Parmi les visiteurs, la ministre des Petites et moyennes entreprises, Jacquéline Lydia Mikolo, s’est félicitée d’un chiffre d’affaires record de 55,8 millions de FCFA, soit presque quatre fois l’objectif initial. « Nous avons prouvé que notre patrimoine forestier peut générer de la valeur ajoutée ici même », a-t-elle déclaré en clôturant l’événement.

Likouala Timber, la mue industrielle

Longtemps reconnue pour son exploitation responsable des forêts du Nord, Likouala Timber a pris un virage stratégique : transformer le bois sur place et produire du mobilier fini. Son stand, tenu par Patrick M’pouassa-Touré, dévoilait tables, chaises et lits taillés dans des panneaux massifs, sans colle ni aggloméré.

« Nous voulons que le premier réflexe des administrations soit d’acheter local », a expliqué le responsable commercial. L’entreprise, déjà premier fournisseur de tables-bancs pour l’État, ambitionne d’équiper bureaux, écoles et hôpitaux avec du mobilier 100 % congolais.

Sortir de la dépendance aux meubles importés

Chaque année, des milliards de FCFA quittent le pays pour financer l’achat de bureaux, armoires ou chaises produits en Asie. Pour Likouala Timber, cette dépendance appauvrit la balance commerciale et freine la création d’emplois spécialisés dans la menuiserie.

En favorisant des approvisionnements locaux, l’entreprise estime pouvoir maintenir sur le territoire près de 2 000 emplois directs et indirects, de la scierie au vernis. Les économies réalisées permettraient aux ministères d’investir davantage dans la formation et l’innovation artisanale.

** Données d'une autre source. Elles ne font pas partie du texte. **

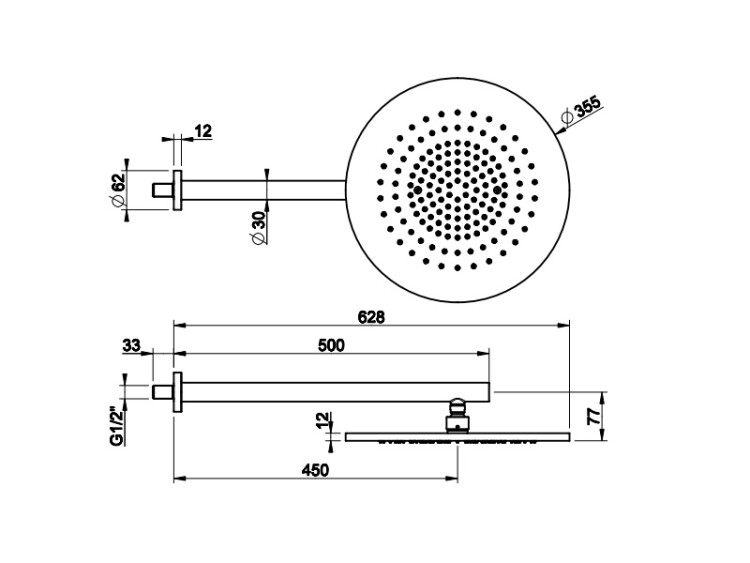 Верхний душ, Gessi, Shower316, тип установки-настенный, ширина, мм-355, глубина, мм-355, высота, мм-77, форма-круглая, держатель-есть, размер держателя-500, цвет-Black Metal Brushed PVD, на 1/2” с защитой от известкового налёта Верхний душ, Gessi, Shower316, шгв 355*355*77, цвет -Black Metal Brushed PVD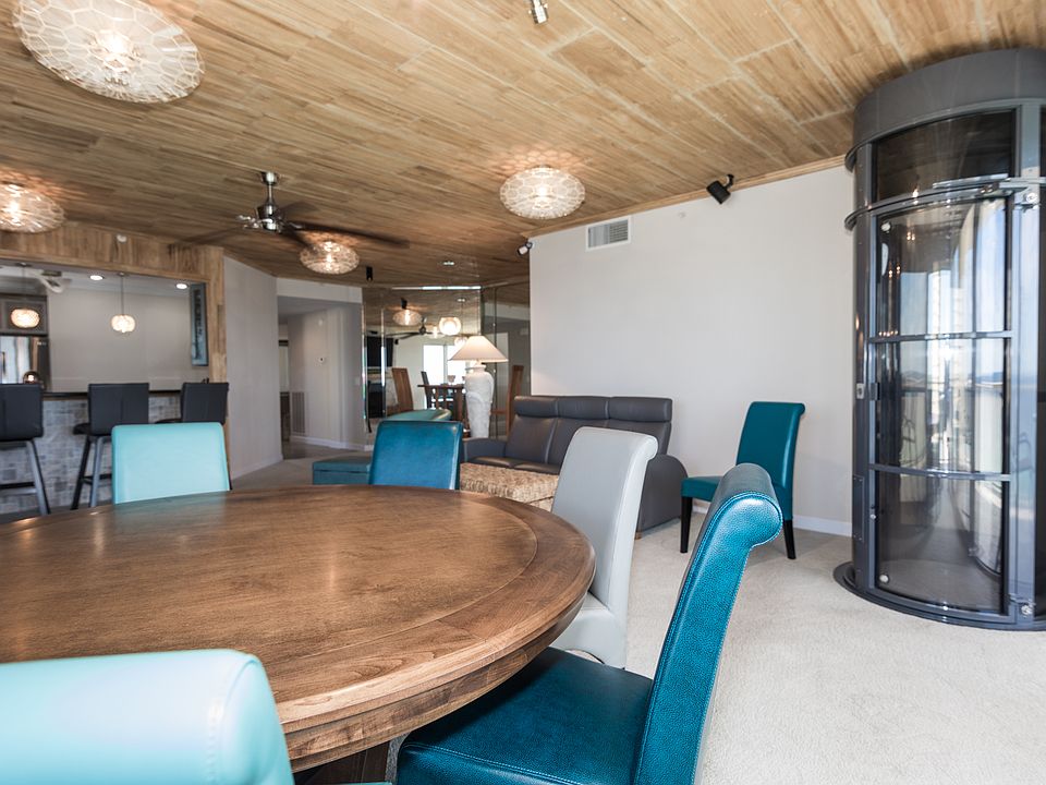 - Interior: Elevator, Ceiling Crwn Molding, Washer/Dryer Hookup, Woodwork Painted, Floor Tile, Floor WW Carpet, Pantry, Split Bedroom, Window Treatment All, Breakfast Bar, Built-In Bookcases, Walls Mirrored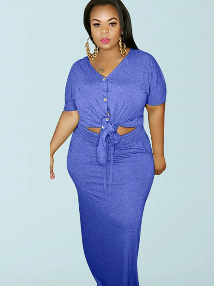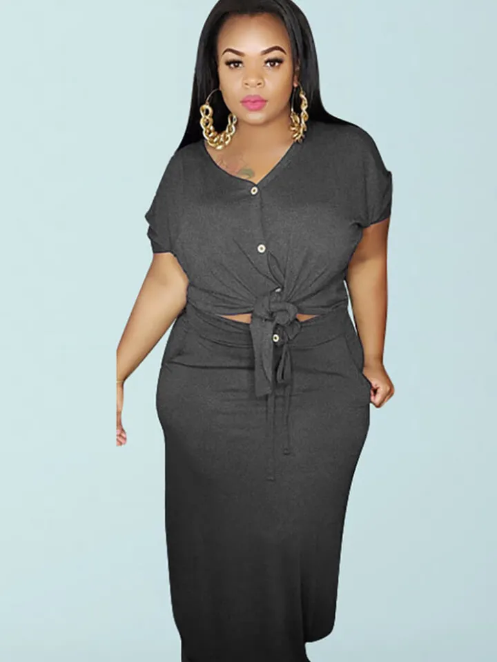 - Feature: Solid color, plus size, slim fit, 2 piece midi pencil dress outfits, short sleeve, button-down v neck, twist know bandage tie up crop top, elastic waist, high waisted midi maxi skirt set.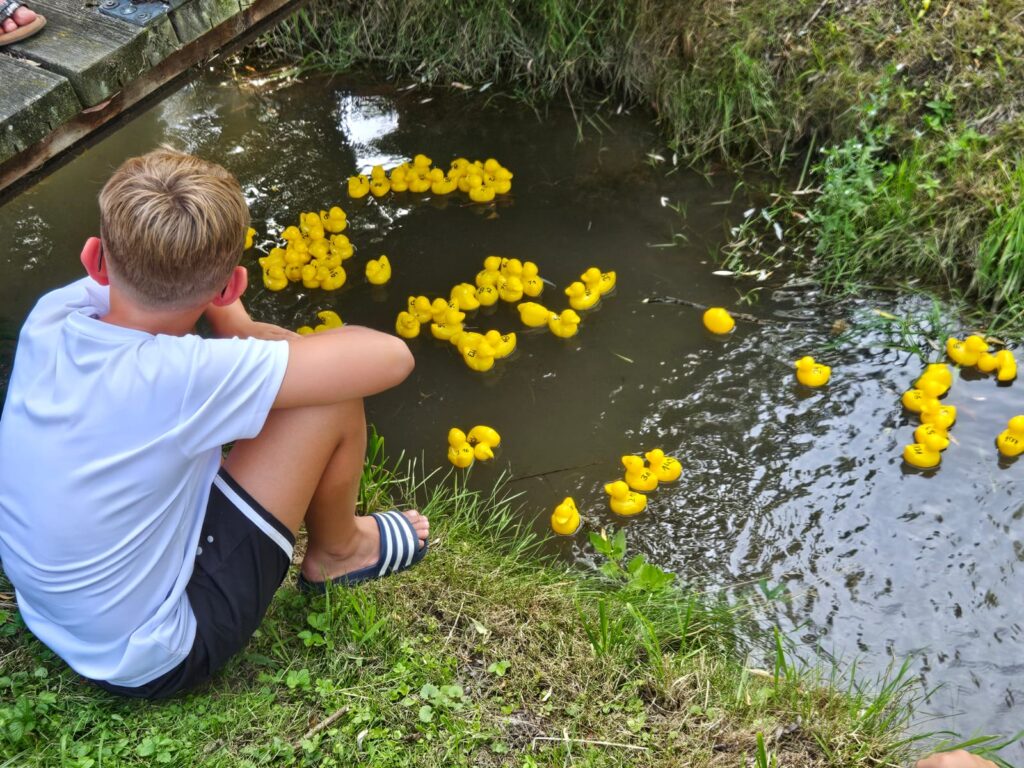 Die erfolgreichen Schafkopfer von links nach rechts: Georg Auer, Sieger Wast Müller mit 68 Gewinnpunkten, gefolgt von Christian Neulinger (63 Punkte) auf Platz zwei und nicht auf dem Foto Raimund Kmetetz (58 Punkte) auf dem dritten Rang, ganz rechts Turnierorganisator Ludwig Mangstl komplettiert die Runde der Finalisten und sorgte für den reibungslosen Ablauf des Turniers. Kulinarisch hatte das Fest wieder einiges zu bieten: Die Feuerwehr servierte Steckerlfisch, Grillkäse, Pommes sowie eine knusprig gegrillte Sau. Der Gartenbauverein ergänzte das Angebot mit einer großen Auswahl an frischen Salaten, während der Sportverein für kühle Getränke sorgte. Am Nachmittag stand Spiel und Spaß für die ganze Familie auf dem Programm. Das beliebte Entenrennen des Kinderfördervereins lockte wieder viele kleine und große Zuschauer an den Dorfweiher. Die Landjugend kümmerte sich um die Betreuung der Hüpfburg und veranstaltete ein Fußball-Darts-Turnier. Auch die Hufeisenwerfer trugen ihre Einzelmeisterschaft aus – mit viel Ehrgeiz und guter Laune. Musikalisch begleitet wurde der Tag von der Gruppe „Zammagfunden“, die mit ihrem Repertoire für abwechslungsreiche Unterhaltung sorgte. Zum Abend hin wurde nochmals der Grill angeheizt. Der Helferkreis servierte zusammen mit der Initiative „Zusammen für die Ukraine“ orientalische und ukrainische Spezialitäten. Für den stimmungsvollen Ausklang sorgten die Cocktailbar des Kinderfördervereins sowie die Weinlaube, betrieben vom Männergesangverein und dem Kirchenchor. Bei lauen Temperaturen und erfrischenden Getränken genossen die Gäste den sommerlichen Abend in vollen Zügen.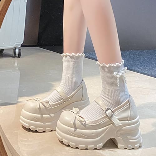 Women's Bow Mary Jane Platform Casual Shoes Comfort Leather Round Toe Ankle Strap Chunky Heel Girls Height Increase School Shoes Grace Non-Slip Nurse Walking Shoes

Bois durable, forêt vivante

Le bassin du Congo abrite la deuxième plus grande forêt tropicale de la planète. Protéger cet atout exige une exploitation encadrée. Likouala Timber assure appliquer un plan d’aménagement agréé, incluant inventaires de faune, quotas de coupe et reboisement ciblé.

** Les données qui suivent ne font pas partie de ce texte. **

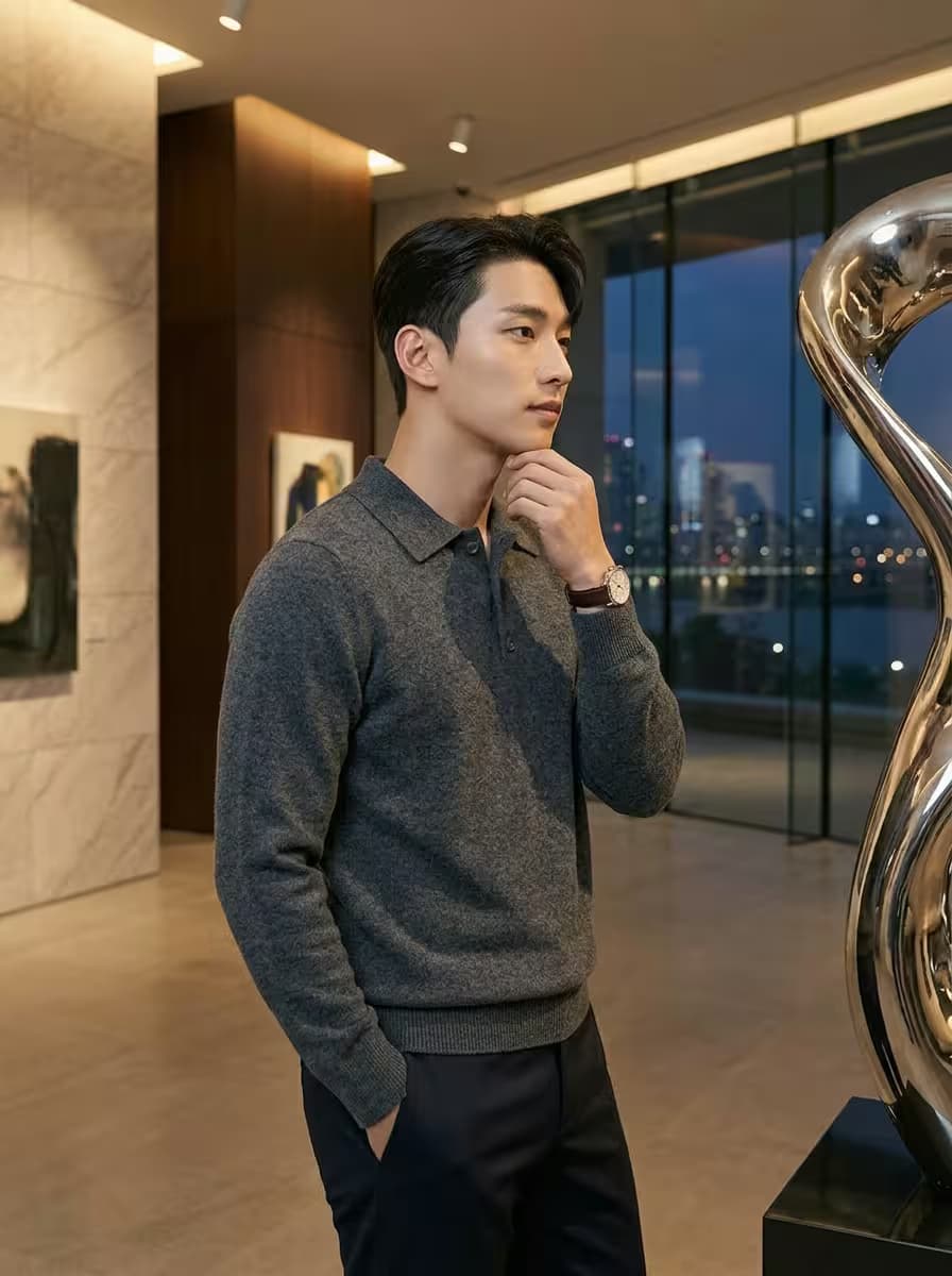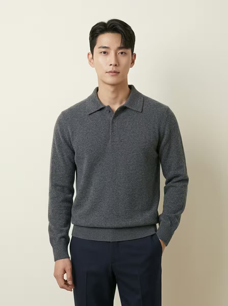 맨살에 닿아도 부드러운 프리미엄 원사로 제작된 롱슬리브 카라 니트입니다. 클래식한 3버튼 디테일과 탄탄한 시보리 마감으로 깔끔한 핏을 유지해 주며, 고급스러운 차콜 그레이 컬러로 어떤 하의와도 잘 어울립니다. 단독 착용은 물론 이너로도 활용도 높은 옷장 속 에센셜 아이템입니다.

« Transformer localement réduit les expéditions de grumes, donc les émissions liées au transport maritime », souligne Maurice Ibara, ingénieur forestier indépendant. Selon lui, la valeur d’un arbre est décuplée quand il devient meuble, alors que l’impact sur l’écosystème demeure maîtrisable si les rotations de coupe sont respectées.

Impact & solutions

Pour consolider la filière, la société plaide pour la priorité au « Made in Congo » dans les marchés publics. Une mesure faciliterait l’accès au crédit des ateliers de finition et encouragerait la normalisation des produits, gage d’exportations vers la sous-région CEMAC.

Likouala Timber projette aussi de créer un centre de formation à Impfondo, afin de transmettre aux jeunes menuisiers les techniques de séchage solaire et de finition écologique. L’objectif est de multiplier les designers capables de transformer essences locales en pièces contemporaines.

Comment y aller

Le prochain Salon des métiers du bois se tiendra sur le même site en 2027. Depuis le centre-ville de Brazzaville, les taxis et bus urbains desservent directement le stade Président-Alphonse-Massamba-Débat. Les visiteurs venant de l’intérieur peuvent rejoindre la capitale par la RN1 ou par avion via l’aéroport Maya-Maya, situé à quinze minutes du site.

À savoir

La billetterie du salon ouvre trois mois avant l’événement. Les stands d’exposition sont gratuits pour les artisans ayant obtenu le label « Produit du Congo ». Les visiteurs peuvent acheter sur place meubles et objets en raphia, qui seront livrés chez eux sous dix jours grâce à un partenariat logistique local.